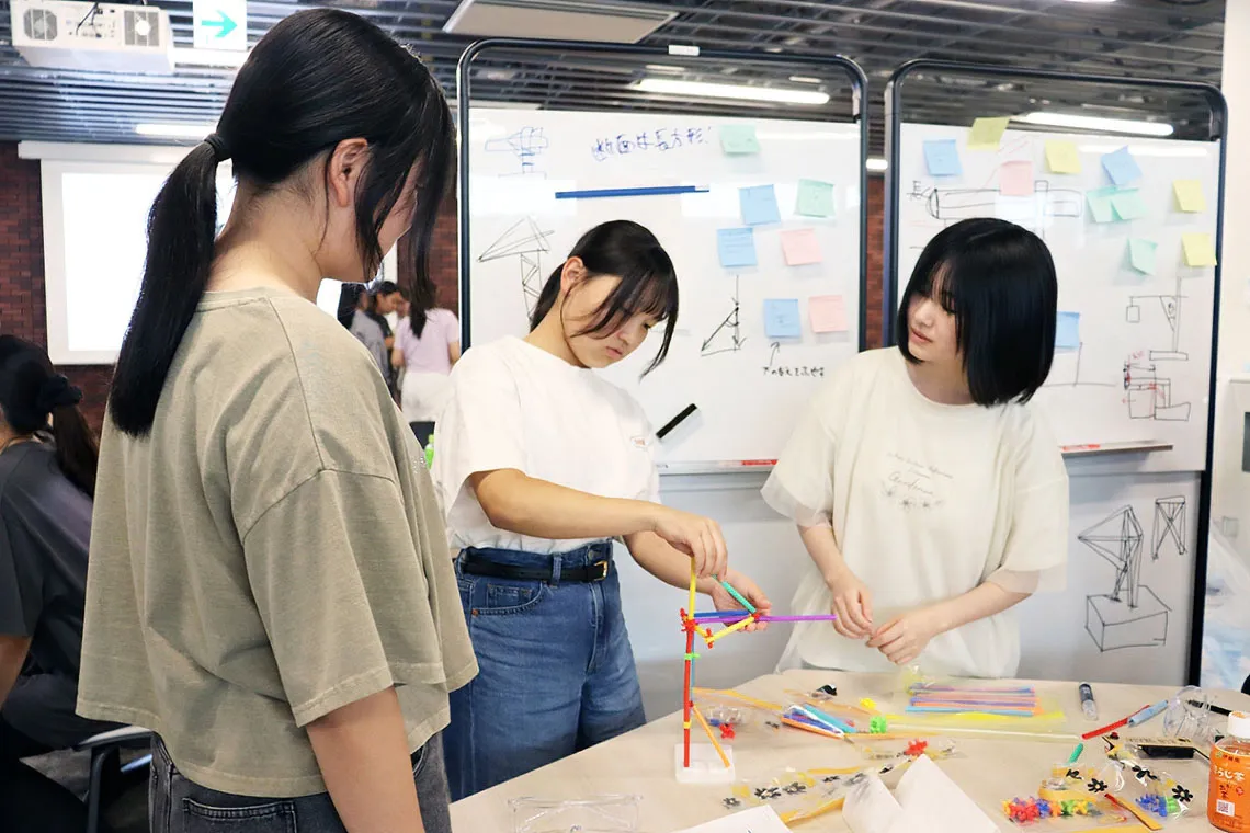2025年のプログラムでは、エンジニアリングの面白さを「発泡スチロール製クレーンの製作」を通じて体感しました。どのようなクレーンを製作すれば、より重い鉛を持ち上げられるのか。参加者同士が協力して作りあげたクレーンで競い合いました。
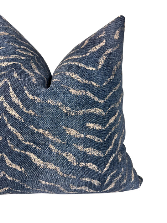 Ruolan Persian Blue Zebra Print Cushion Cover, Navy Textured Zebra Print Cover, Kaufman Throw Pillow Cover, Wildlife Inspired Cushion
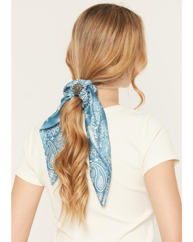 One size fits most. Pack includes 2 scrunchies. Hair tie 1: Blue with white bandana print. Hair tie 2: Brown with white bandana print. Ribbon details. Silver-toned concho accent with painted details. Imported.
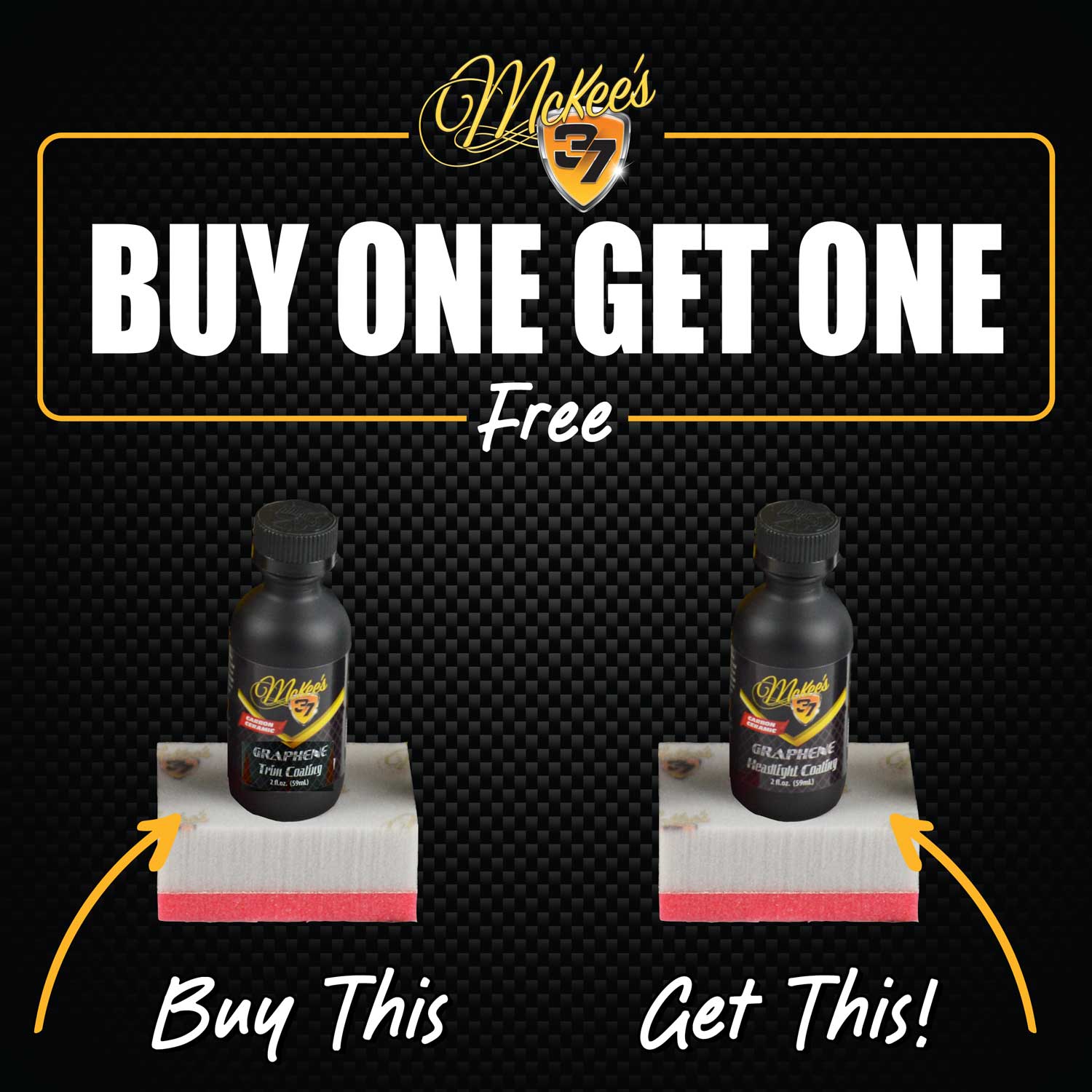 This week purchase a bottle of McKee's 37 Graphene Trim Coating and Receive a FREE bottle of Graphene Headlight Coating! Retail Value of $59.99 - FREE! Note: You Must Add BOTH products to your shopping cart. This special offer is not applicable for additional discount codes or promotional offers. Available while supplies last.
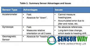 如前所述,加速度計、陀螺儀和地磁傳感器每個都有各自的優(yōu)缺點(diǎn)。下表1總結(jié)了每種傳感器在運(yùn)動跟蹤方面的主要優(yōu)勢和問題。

==

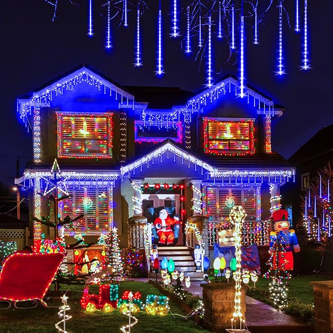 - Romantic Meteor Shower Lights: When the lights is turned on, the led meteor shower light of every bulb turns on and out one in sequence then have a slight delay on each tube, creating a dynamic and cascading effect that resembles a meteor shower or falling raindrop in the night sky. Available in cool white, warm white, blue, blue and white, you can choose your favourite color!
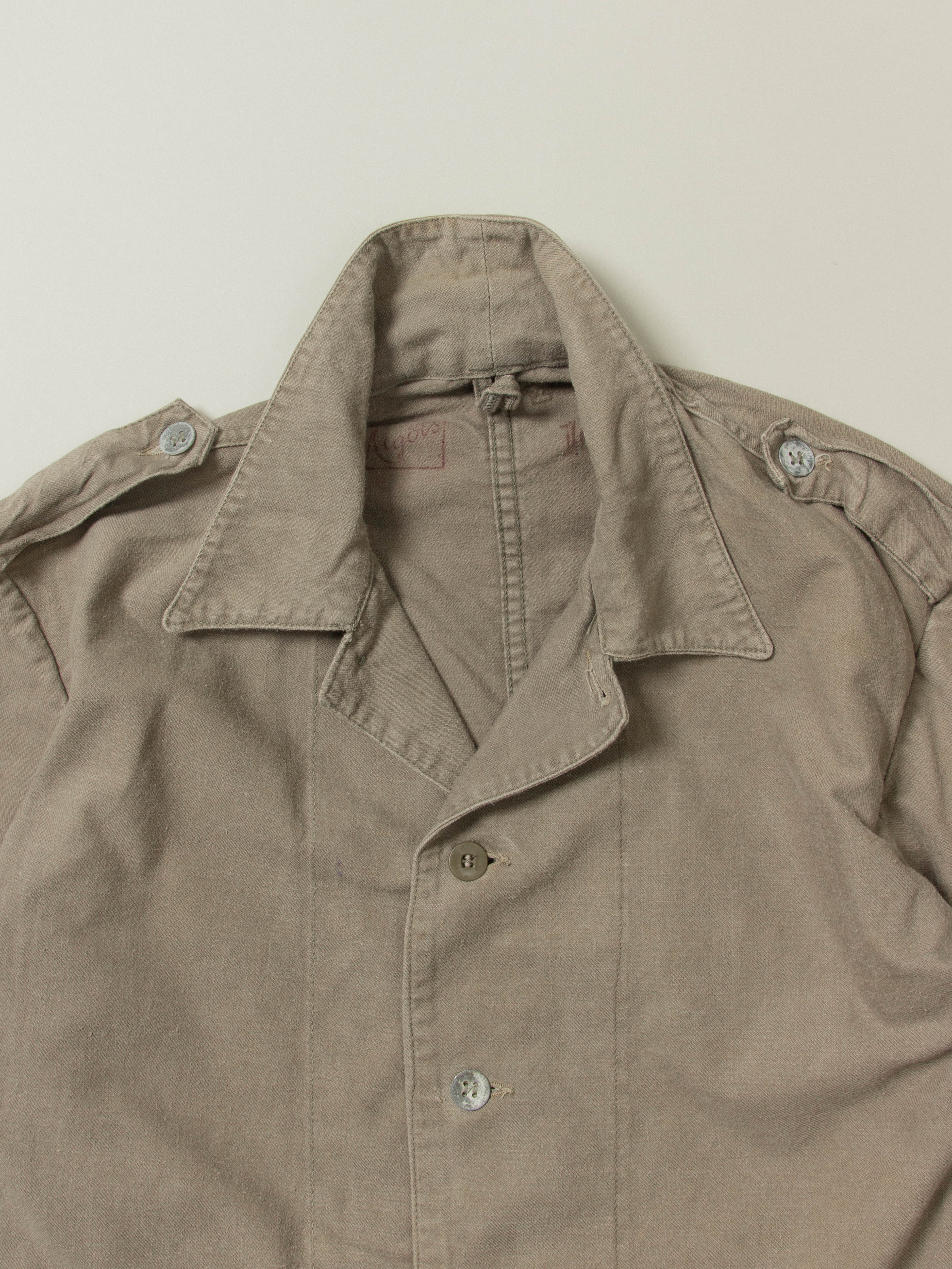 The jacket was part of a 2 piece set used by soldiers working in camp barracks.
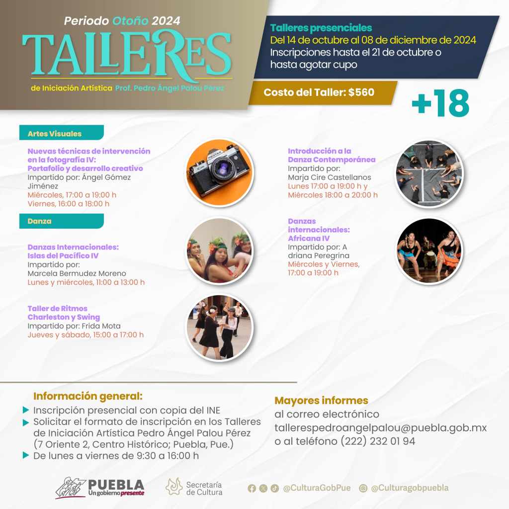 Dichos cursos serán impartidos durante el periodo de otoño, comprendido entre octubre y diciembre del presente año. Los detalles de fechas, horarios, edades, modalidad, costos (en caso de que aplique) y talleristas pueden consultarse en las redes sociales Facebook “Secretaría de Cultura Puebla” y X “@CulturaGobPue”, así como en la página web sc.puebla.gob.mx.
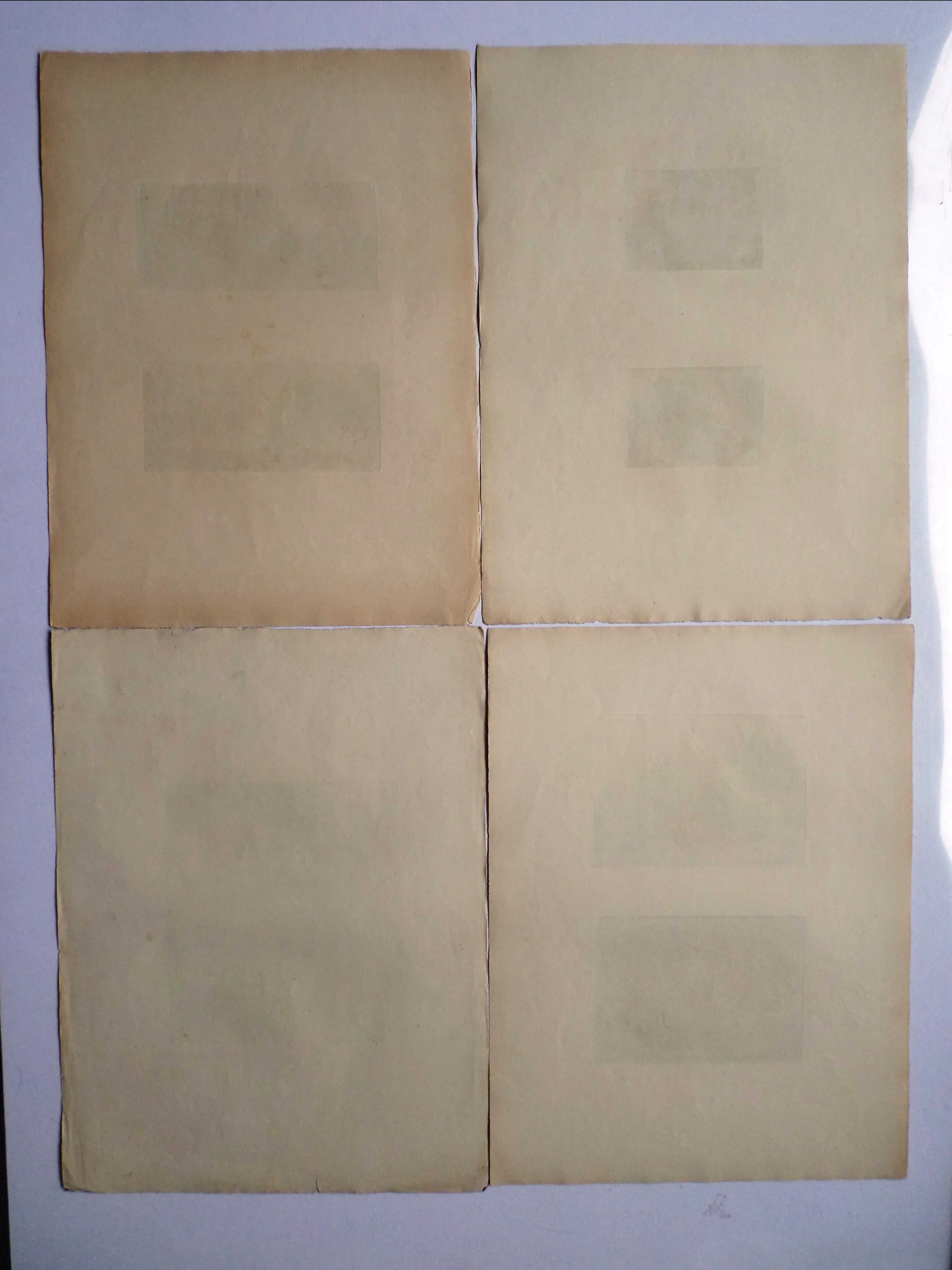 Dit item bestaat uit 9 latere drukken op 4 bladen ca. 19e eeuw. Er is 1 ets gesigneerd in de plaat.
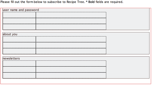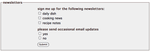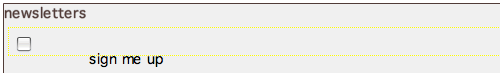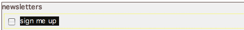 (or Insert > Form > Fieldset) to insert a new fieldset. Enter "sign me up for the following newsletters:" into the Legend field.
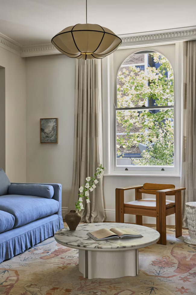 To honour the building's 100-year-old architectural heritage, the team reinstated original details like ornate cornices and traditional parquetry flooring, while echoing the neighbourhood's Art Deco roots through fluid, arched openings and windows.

==

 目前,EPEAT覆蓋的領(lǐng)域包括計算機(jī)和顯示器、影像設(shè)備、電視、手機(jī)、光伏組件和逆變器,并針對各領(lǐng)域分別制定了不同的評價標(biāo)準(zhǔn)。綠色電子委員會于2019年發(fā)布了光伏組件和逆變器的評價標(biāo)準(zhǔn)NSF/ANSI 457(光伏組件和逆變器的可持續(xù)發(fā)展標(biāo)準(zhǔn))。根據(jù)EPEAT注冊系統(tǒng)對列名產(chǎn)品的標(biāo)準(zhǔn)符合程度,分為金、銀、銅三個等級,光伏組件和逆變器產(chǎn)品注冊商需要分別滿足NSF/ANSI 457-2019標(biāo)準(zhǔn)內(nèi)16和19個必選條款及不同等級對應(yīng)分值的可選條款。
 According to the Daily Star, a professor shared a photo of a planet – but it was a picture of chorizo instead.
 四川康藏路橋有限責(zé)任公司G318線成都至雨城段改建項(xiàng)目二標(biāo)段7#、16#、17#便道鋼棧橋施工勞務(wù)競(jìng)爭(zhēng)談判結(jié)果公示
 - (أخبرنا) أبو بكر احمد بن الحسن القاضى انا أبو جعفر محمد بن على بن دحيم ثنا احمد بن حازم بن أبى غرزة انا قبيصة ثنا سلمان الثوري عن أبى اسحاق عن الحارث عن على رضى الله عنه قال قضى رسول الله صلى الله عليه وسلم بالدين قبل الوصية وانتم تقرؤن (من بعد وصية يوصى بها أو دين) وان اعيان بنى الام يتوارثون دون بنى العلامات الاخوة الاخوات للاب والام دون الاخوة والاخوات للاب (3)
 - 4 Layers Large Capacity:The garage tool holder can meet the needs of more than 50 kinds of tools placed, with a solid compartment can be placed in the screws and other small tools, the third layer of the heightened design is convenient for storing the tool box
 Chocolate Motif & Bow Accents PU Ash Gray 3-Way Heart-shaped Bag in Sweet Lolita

— WHAT YOU WILL DO —
Transcribe, exactly and without pictures, everything in the data from the line with "Ruolan Persian Blue" down to the line with "One size fits", both included.

— RESPONSE BOX —
 Ruolan Persian Blue Zebra Print Cushion Cover, Navy Textured Zebra Print Cover, Kaufman Throw Pillow Cover, Wildlife Inspired Cushion
 One size fits most. Pack includes 2 scrunchies. Hair tie 1: Blue with white bandana print. Hair tie 2: Brown with white bandana print. Ribbon details. Silver-toned concho accent with painted details. Imported.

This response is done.